- Active: January 2009 to September 2011
- Country: United States
- Nickname: Gray Team

Commanders
- Current commander: Colonel Christian Macedonia, MD

= Gray Team =

The Gray Team, currently evolved into the Grey Team, and more formally known as the Joint Neurosciences Inspection Team, was the name given to a series of special inspection units commissioned by the Joint Chiefs of Staff to serve as mechanism to help improve the care of American forces serving in Iraq and Afghanistan. Their missions were particularly focused on the "invisible wounds of war" such as traumatic brain injury or post traumatic stress.

The original Gray Team was composed of hand-selected active duty members all of whom had prior deployment experience in a combat zone and relevant medical expertise . The original team had at least one representative from each of the four armed services branches. Col Macedonia appointed Col Michael Jaffee to be the clinical lead given his role as National Director of the Defense and Veterans Brain Injury Center (DVBIC).
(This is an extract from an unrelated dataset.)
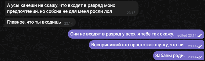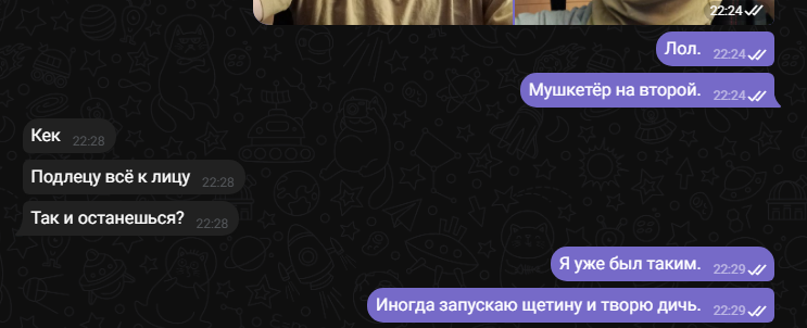 >>6222205 >там и написаночто, что её это не устраивает. Ты не понял. Скрин был не к тому, чтобы показать, что ей нравятся мои выходки с усами, а в том, что и с ними я буду любим. А ещё больше в том, что мне всё равно на общественное порицание в области внешнего вида или чего-то там ещё. Если я чувствую, что я внутри прав (а я прав), то с этой точки ты меня никогда не сдвинешь, хоть весь двор на суд внешнего вида позови. Я просто делаю с собой то, что хочу. Хочу очень длинные волосы? Будут. Потом сразу бриться в ноль? Уже было и не раз. Хочу усы девственника или педофила? Сейчас поржём! Начитаетесь своей соционики и потом думаете, что это моё слабое место и что тыкать пальцем нужно определённо сюда.

The original Gray Team traveled to a number of deployed bases and combat medical facilities from all branches of service across both Iraq and Afghanistan. They were focused on identifying barriers for implementation of screening and acute management of TBI and concussion. The team reported directly to the Joint Chiefs of Staff. The largest impact was changing the military’s system from a symptom-based system in which a service member had to admit to having a symptom from a concussion or TBI to an incident-based system in which any service member involved in a blast or situation considered high risk for concussion would be screened and evaluated regardless of whether or not they self-reported any symptoms. This represented a paradigm shift and was the first time military combat policy was combined with medical guidelines. This paradigm shift has had lasting impact and is still in place today.

Subsequent Gray Team missions focused on having civilian researchers who worked with the military to have an opportunity to experience the environment and forward medical facilities and to further evaluate the implementation of changes established by the original Gray Team.

The military Gray Team should not be confused with the non-profit organization Grey team who was inspired by the military team to adapt the name in order to further help veterans suffering from the invisible wounds of war.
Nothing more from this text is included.